Es geht um „Erhebung aus dem, was der Mensch auch ist: eine blinde Kraft.“ Und er folgert: „Adel des Geistes ist das zeitlose Kulturideal.“ Das wiederum ist George Steiner, weichgespült – weil ohne das dialektische Bewusstsein, mit dem Steiner daran erinnert, dass „die Barbarei des 20. Jahrhunderts im Kernland der europäischen Kultur ausgebrochen“ sei. „Die Todeslager wurden nicht in der Wüste Gobi noch in Äquatorialafrika errichtet.“

Solange Riemen Geistesaristokratie nicht in einen sozialen Kontext stellt und dabei sicher auch Unverträglichkeiten entdeckt, solange führt das Ideal des großen Einzelnen nur zu einer überholten Idee von Märtyrertum. Es ist absurd, in Leone Ginzburg, dem Mitbegründer des Turiner Einaudi Verlags und Ehemann von Natalia Ginzburg, der 1944 im römischen Gefängnis Regina Coeli zu Tode gefoltert wurde, nur den sokratisch Wahrheitsliebenden zu sehen und nicht auch den liberalen Sozialisten, der mit dem Partito d’Azione eine Vorstellung davon hatte, wie Italien auszusehen hätte.

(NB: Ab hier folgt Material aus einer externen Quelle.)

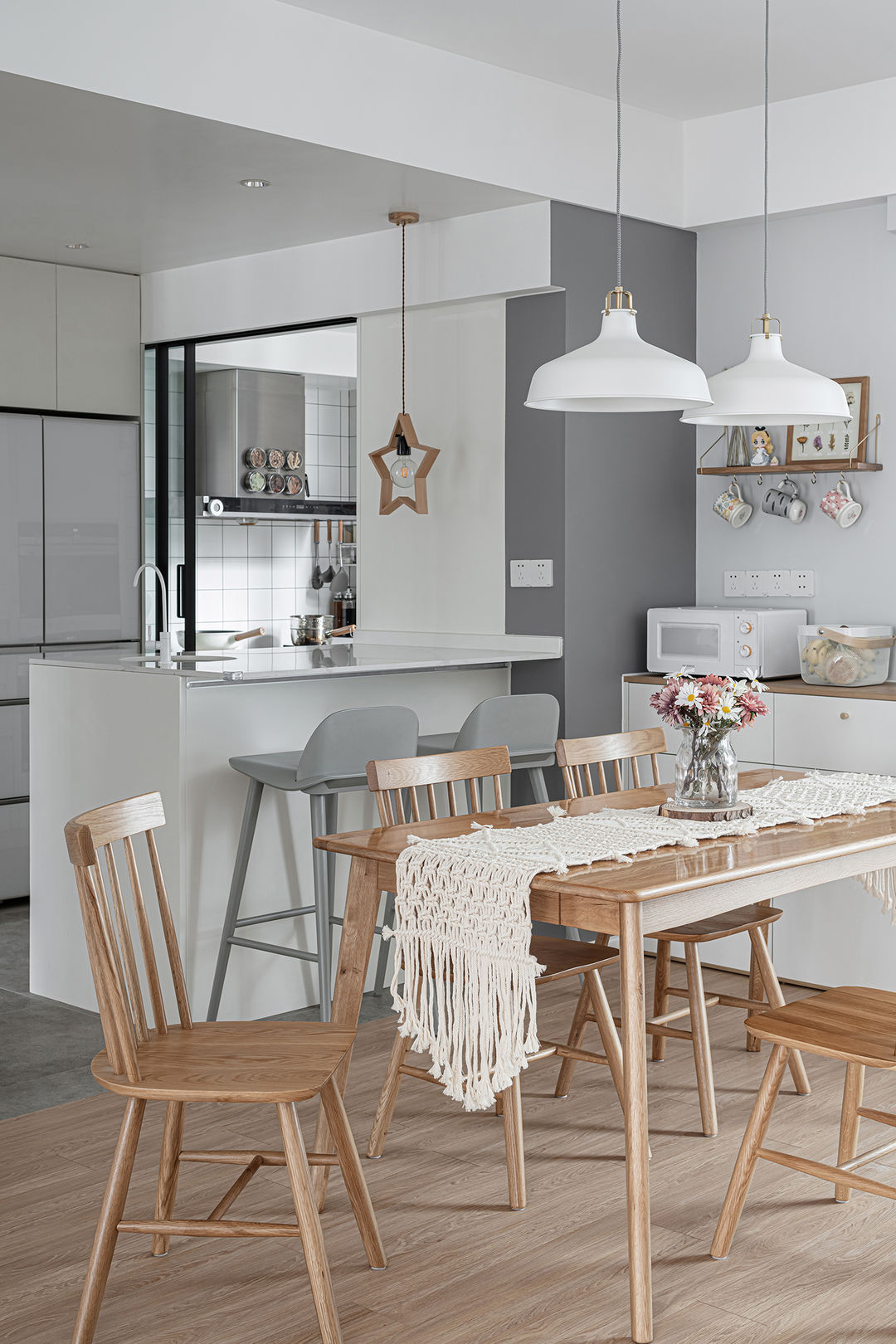 餐厅同样选择的原木风餐桌椅,搭配两个白色小吊灯,旁边设餐边柜摆放家居用品。后面是西厨岛台,也可以当吧台使用,非常实用,也可以提升空间格调感。

Im Namen metaphysischer, von keinem postmodernen Zweifel angekränkelter Überzeugungen ignoriert Riemen das Wechselverhältnis von individueller Moral und Politik, immer auf dem Sprung heraus aus seiner Zeit, hin zu ewigen Werten, zur Natur der Dinge und zum Wesen des Menschen. Als wäre es nicht unsere vornehmste Aufgabe, gegen die Erfahrung, dass alles vermeintlich Unwandelbare eben doch auch ganz anders sein könnte, etwas Humanes zu definieren.